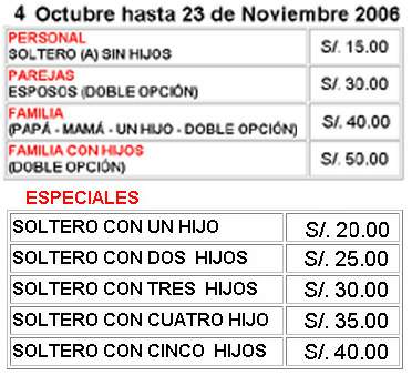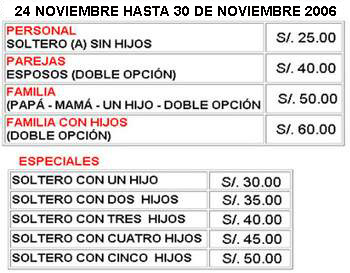 | FAMILIA CON HIJOS De 2 a 6 Hijos | S/. 65.00 |
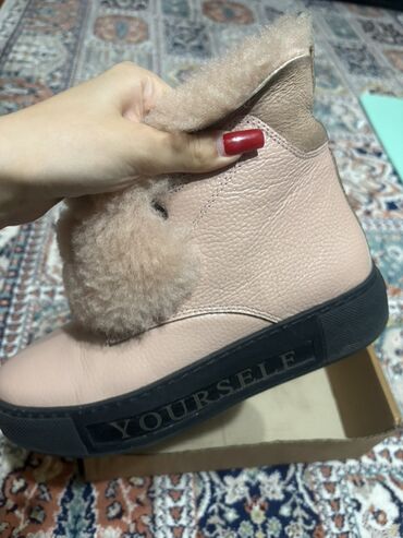 Mother care bot sapaski - Material: üst hissə yumşaq flis/plyuş kürklü tekstil, ön və yan hissələrdə süni dəri detalları - Rəng: açıq çəhrayı - Model: orta boğaz, dekorativ kəmər və ürək formalı to...
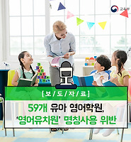 | 59개 유아 영어학원, ‘영어유치원’ 명칭사용 위반 (0) | 2017.12.18 |
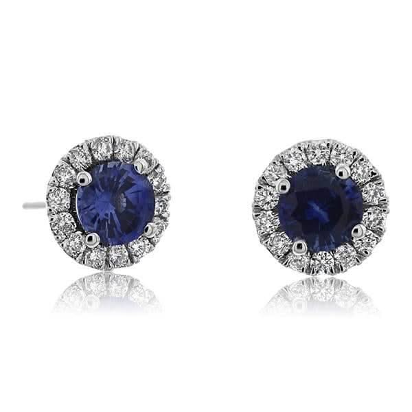 14K white gold sapphire and diamond halo stud earrings from the Reis-Nichols Collection. The earrings feature two round sapphires weighing approximately 1 3/4 ctw and 28 round brilliant cut diamonds weighing approximately 1/2 ctw.
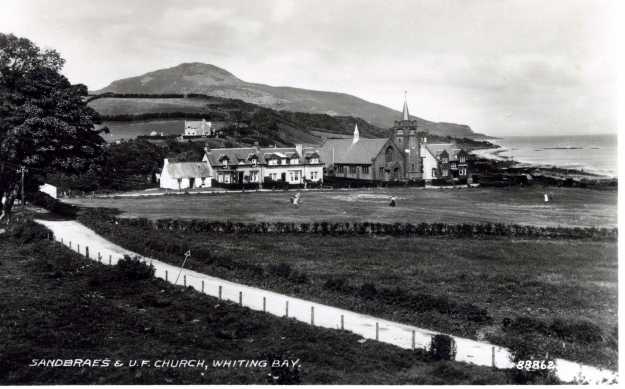 Just beyond the Sand Pulpit was the site of the Tea Rooms in the early 1950’s they were run by Gladys Miller followed by Ian Robertson. The tennis courts remained for some years but were not maintained. The Royal Hotel and The Whiting Bay Hotel both had busy tennis courts. This is now a Stables still with the connected Robertson family.
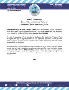 Public Advisories 2026-03-04 Public Advisory re Sewer Odor in the Sadog Tasi and Puerto Rico Areas on March 9, 2026 Read More March 4, 2026
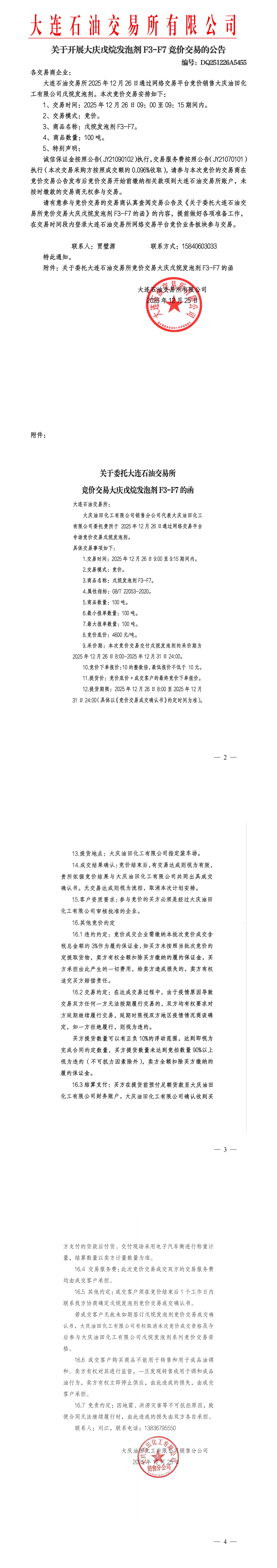 关于开展大庆戊烷发泡剂竞价交易的公告(DQ251226A5455)
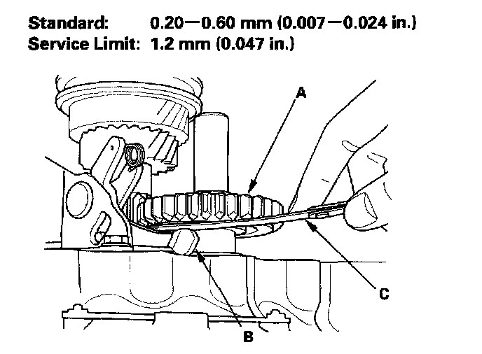 Reverse Shift Fork Clearance Inspection1. Measure the clearance between the reverse idler gear (A) and the reverse shift fork (B) with a feeler gauge (C). If the clearance is more than the service limit, go to step 2.
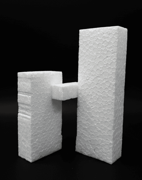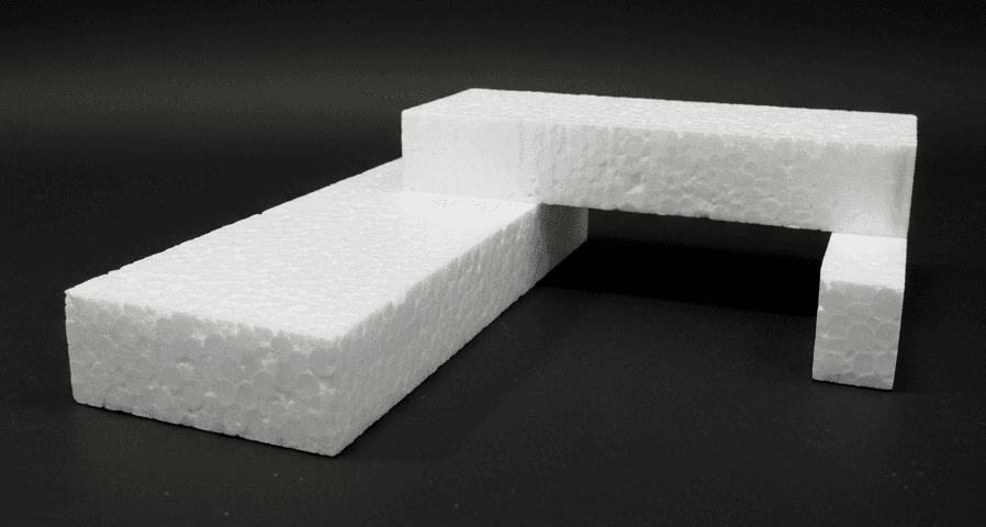We started investigating how these separate components could combine to create coherent structures as we learnt how to make foam forms. In order to gain a more controlled understanding of the relationship between planes, edges, and volumes, we first concentrated on rectilinear forms. The balance between the dominant, subdominant, and subordinate forms was emphasised in each of the three ideations I made in the early stages.
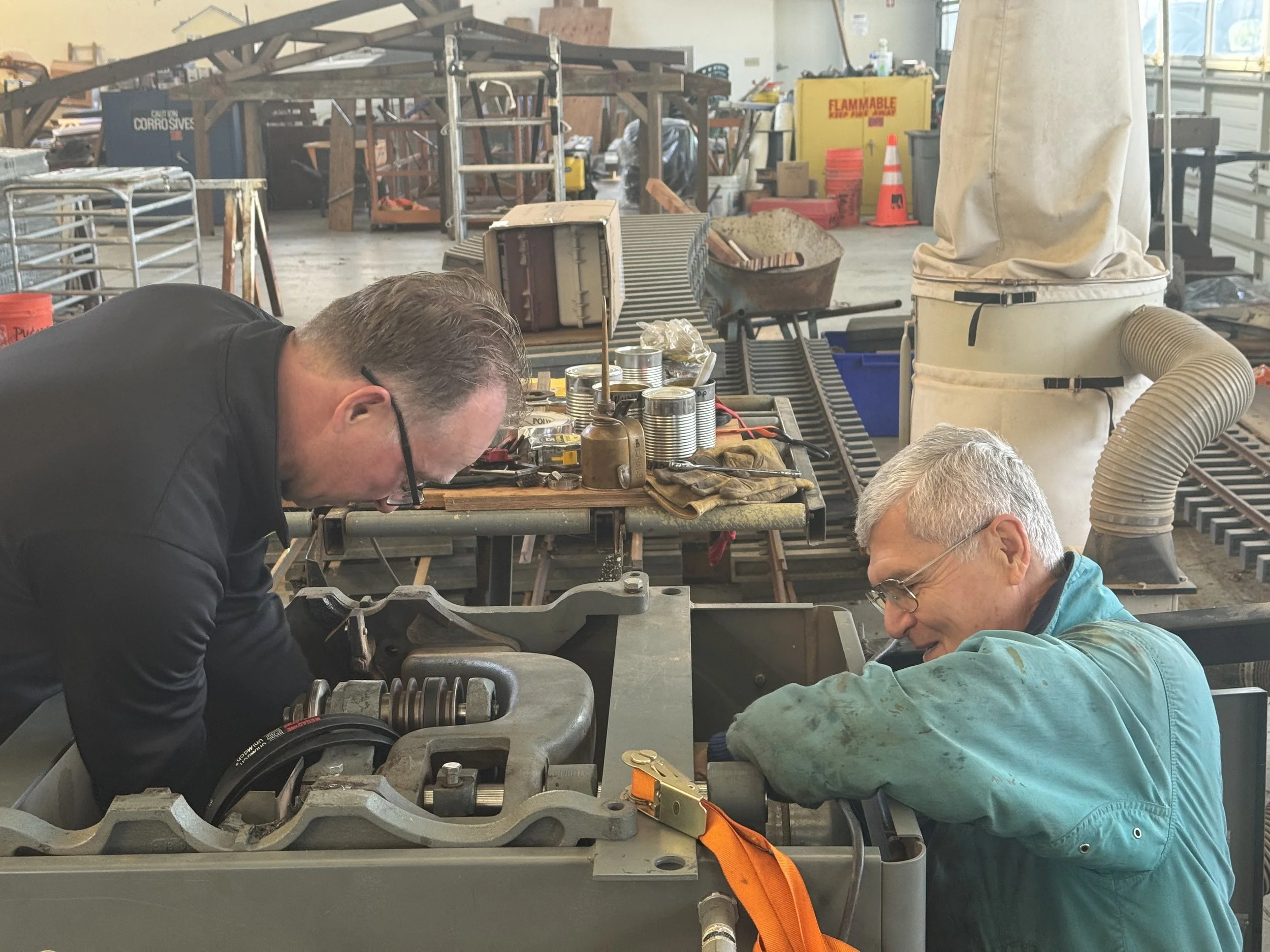 Bruce continues to work on the club’s blue engine with questions from Jerry
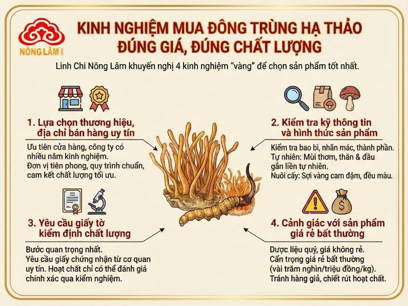 Để mua được sản phẩm đông trùng hạ thảo chất lượng với giá tốt, Linh Chi Nông Lâm khuyến nghị bạn nên lưu ý 4 kinh nghiệm “vàng” sau đây.
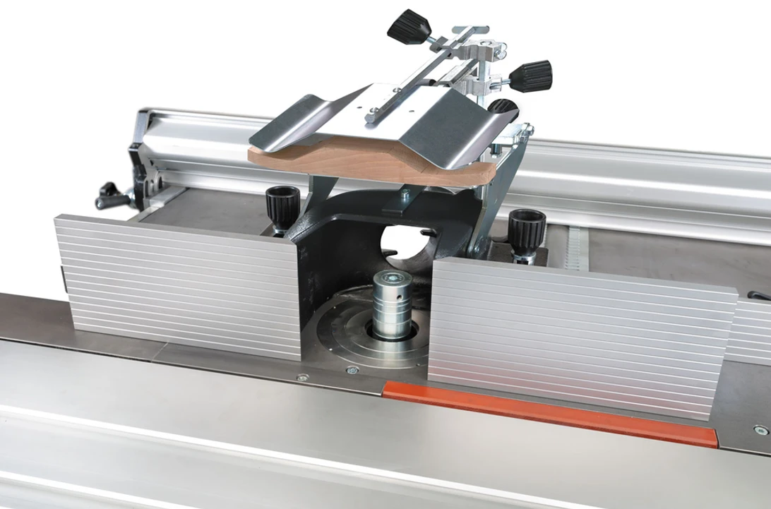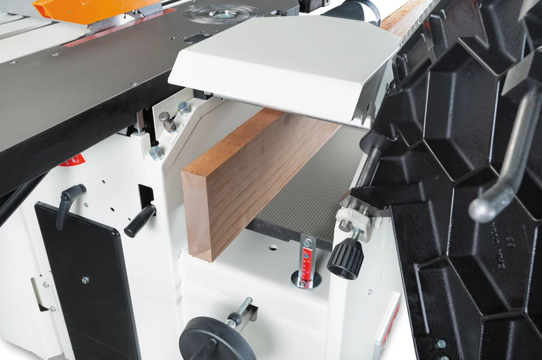- Le protecteur de toupie est en fonte et équipé d’origine d’un double système de réglage micrométrique.
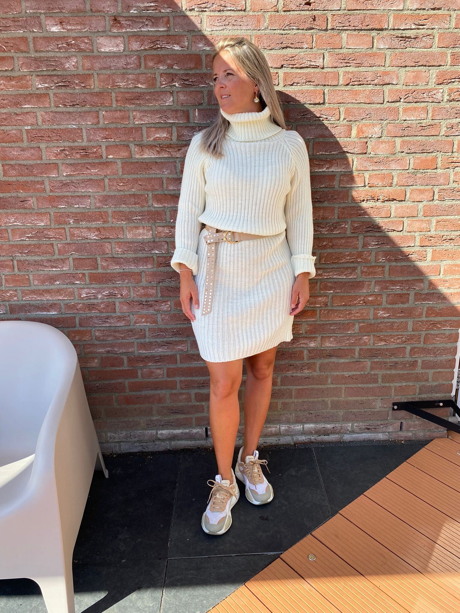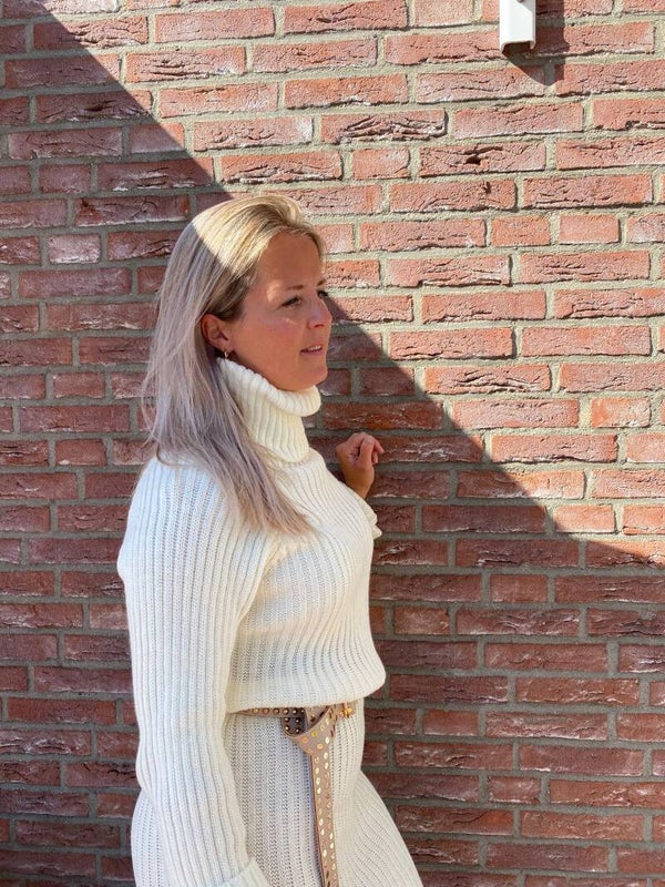 Chloe Off white kol jurk grove ribbel
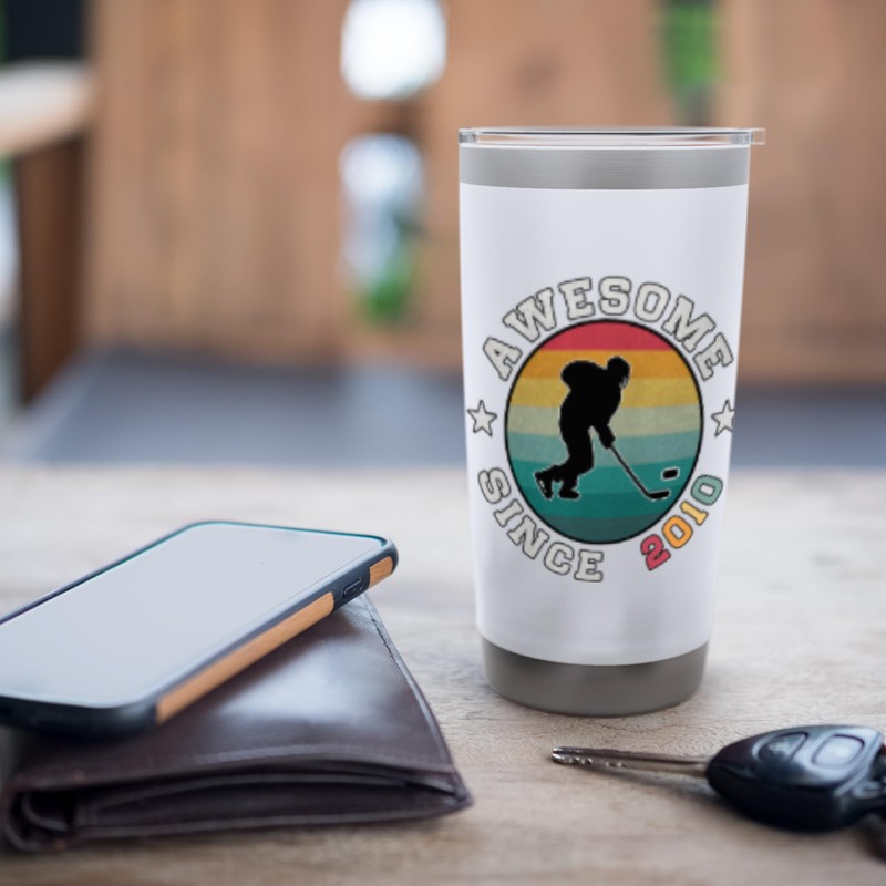 Birthday Hockey Lover Gift 15 years Old Awesome Since 2010 Stainless Steel Insulated Tumbler
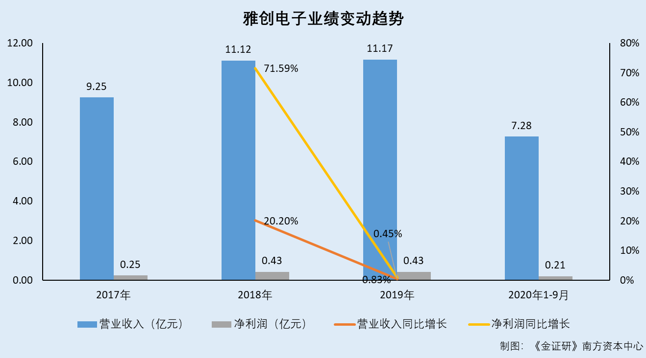 据雅创电子签署日期为2021年1月8日的招股书(以下简称“招股书”),2017-2019年及2020年1-9月,雅创电子的营业收入分别为9.25亿元、11.12亿元、11.17亿元、7.28亿元,2018-2019年,营业收入分别同比增长20.2%、0.45%。
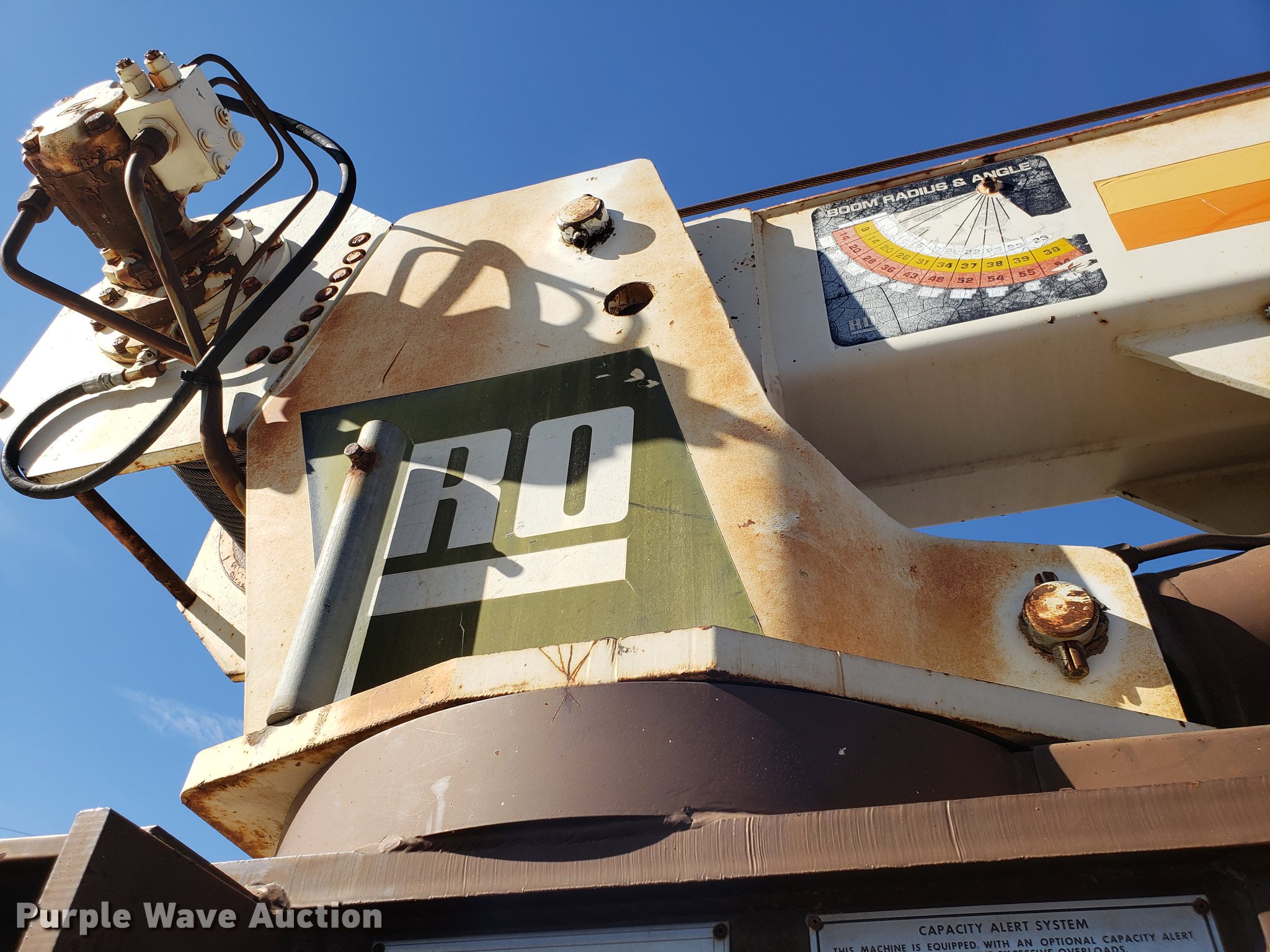 1987 Ford F800 crane truck. 47,521 miles on odometer, 7.8L six cylinder turbo diesel engine, Five speed manual transmission Two speed rear end, Single axle, Heat, 16'L x 8'W flatbed, RO crane 22,500 lbs maximum lift capacity, 56' maximum reach, 65' maximum lift height, Dual side ground controls, (4) hydraulic outriggers, Serial 1500887768, Spring suspension, Air brakes, GVWR 31,000 lbs, Unit# 360. Missouri title. 1FDXT84AXHVA52396. J.M. Fahey Construction Company. 7014 Holliday Dr. Kansas City, KS 66106
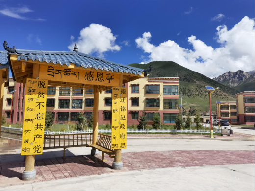 群山連綿、江河蜿蜒,雜花生樹、綠草如茵,距離縣城3公里,“牧人希望家園”靜靜矗立在瀾滄江源頭。走進(jìn)大門,小區(qū)內(nèi)寬敞的廣場,配套設(shè)施齊全,刻著“感恩”紅色大字的石頭擺放在中央,還專門設(shè)有“感恩亭”,老人孩童,坐在一排排白墻紅瓦藏式風(fēng)格濃郁的三層小樓臺(tái)階上納涼,一派歡樂祥和景象。這里是海拔4200米青海玉樹藏族自治州雜多縣的一個(gè)易地扶貧搬遷安置點(diǎn)。我們今天走訪的對(duì)象是蘇魯鄉(xiāng)山榮村的東尕和巴宗。
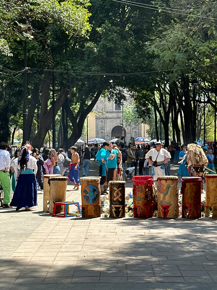 The image depicts an outdoor cultural gathering in the Historic Center of Mexico City, Mexico, likely in a public plaza or park near **Francisco I. Madero Avenue**, with the **Palacio de Cultura Citib…read more
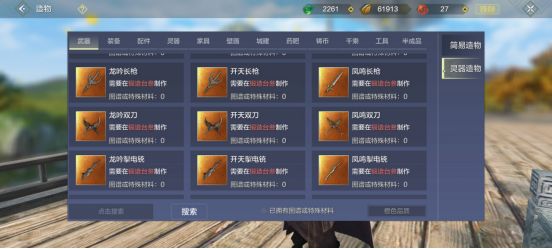 大荒武器主要分为三大类,近程武器、远程武器、异能武器。近程武器有15种;远程武器有16种;异能武器有6种。

•••

Everything from the first line of the entries through the line containing "Reverse Shift Fork Clearance" is to be transcribed exactly; the pictures are not.

OUTPUT FOR THIS EXERCISE:
 | FAMILIA CON HIJOS De 2 a 6 Hijos | S/. 65.00 |
 Mother care bot sapaski - Material: üst hissə yumşaq flis/plyuş kürklü tekstil, ön və yan hissələrdə süni dəri detalları - Rəng: açıq çəhrayı - Model: orta boğaz, dekorativ kəmər və ürək formalı to...
 | 59개 유아 영어학원, ‘영어유치원’ 명칭사용 위반 (0) | 2017.12.18 |
 14K white gold sapphire and diamond halo stud earrings from the Reis-Nichols Collection. The earrings feature two round sapphires weighing approximately 1 3/4 ctw and 28 round brilliant cut diamonds weighing approximately 1/2 ctw.
 Just beyond the Sand Pulpit was the site of the Tea Rooms in the early 1950’s they were run by Gladys Miller followed by Ian Robertson. The tennis courts remained for some years but were not maintained. The Royal Hotel and The Whiting Bay Hotel both had busy tennis courts. This is now a Stables still with the connected Robertson family.
 Public Advisories 2026-03-04 Public Advisory re Sewer Odor in the Sadog Tasi and Puerto Rico Areas on March 9, 2026 Read More March 4, 2026
 关于开展大庆戊烷发泡剂竞价交易的公告(DQ251226A5455)
 Reverse Shift Fork Clearance Inspection1. Measure the clearance between the reverse idler gear (A) and the reverse shift fork (B) with a feeler gauge (C). If the clearance is more than the service limit, go to step 2.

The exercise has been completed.